God is sovereign in salvation!
He often selects . . .
the poorest,
the vilest,
the most depraved,
the most fallen,
as if utterly to explode all idea of human
merit, and to reflect the free grace of His
heart in its richest luster.
O precious truth!
It stains the pride of human merit!
It lays the axe at the root of self!
It humbles and abases!
It empties and lays low!
It ascribes all the praise, honor and glory,
might, majesty and dominion, of the new
creation in the soul, to the Triune God!
No worthiness of the creature allures Him to the
sinner's heart! What worthiness can be supposed
to exist--what merit can there be in . . .
a guilty criminal,
an outlawed rebel,
a poor insolvent,
one whose mind is enmity,
one whose heart is swelling with treason against
God, His government, and His Son? One who owes
millions, but has 'nothing to pay'? None whatever!

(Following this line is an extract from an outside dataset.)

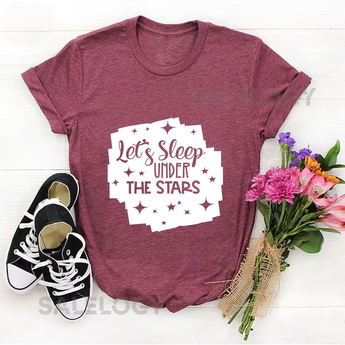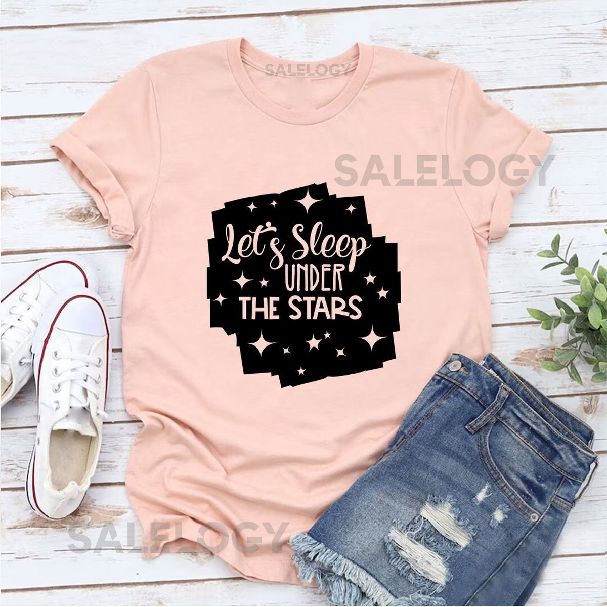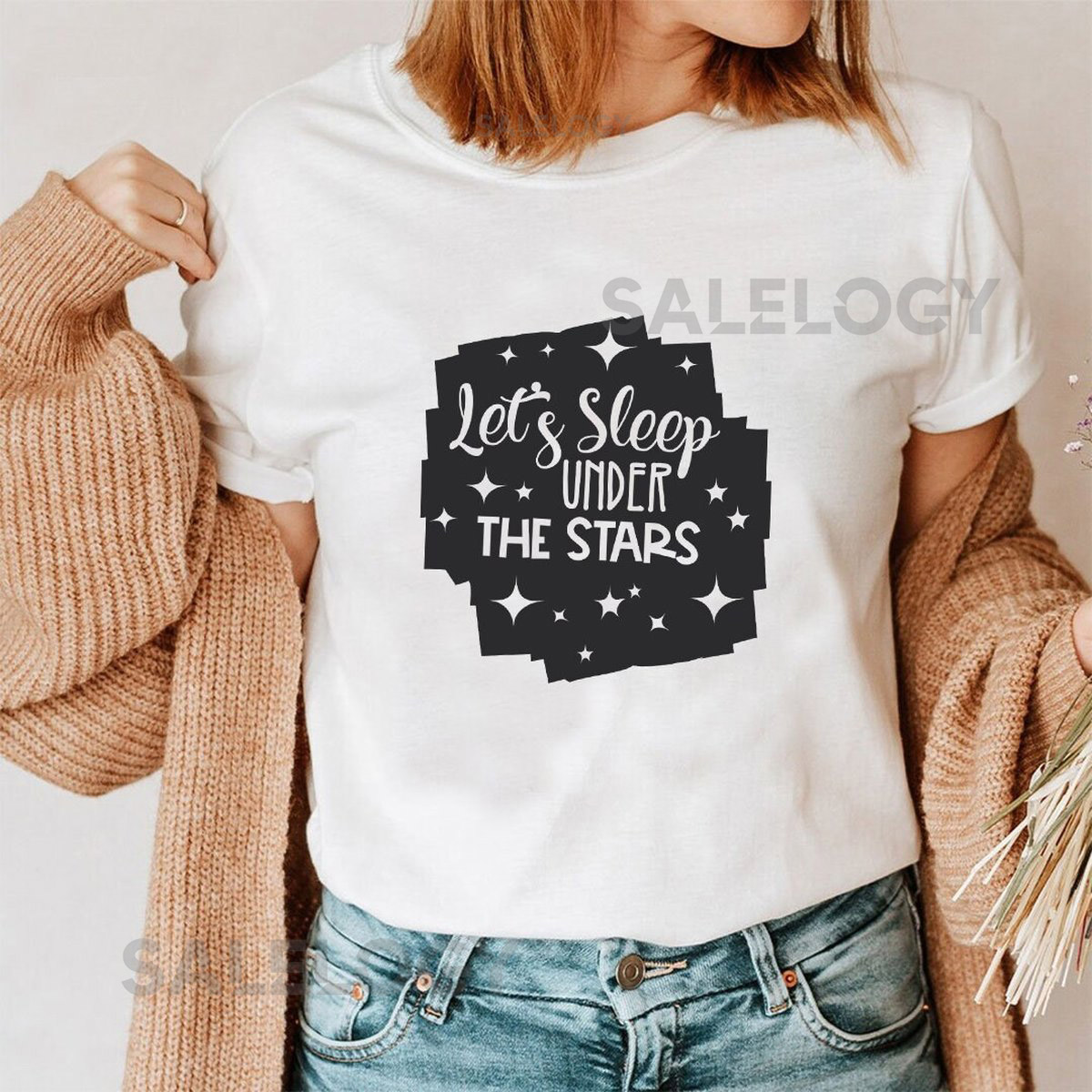 Let’s Sleep Under the Stars T-Shirt – Customized Graphic Unisex Tee- Dreamy Wardrobe -Camping is Everything -Stargazing Chic -Cosmic Comfort_635

And that the eternal Spirit should enter
the heart of such a one . . .
convincing of sin;
subduing the hatred;
breaking down the rebellion;
leading to Jesus, and
sealing pardon and peace upon the conscience;
oh! what but free grace,
unmerited mercy,
and
sovereign love could thus have constrained Him?
"Lord, what did You see in me," exclaims the
converted soul, "that moved You with compassion,
that drew You to my heart, and that constrained
You to make me Your child? Nothing on my part,
but poverty, wretchedness, and misery! Nothing on
Your part, nothing but love, sovereignty, and
unmerited favor!"
O the riches of His grace!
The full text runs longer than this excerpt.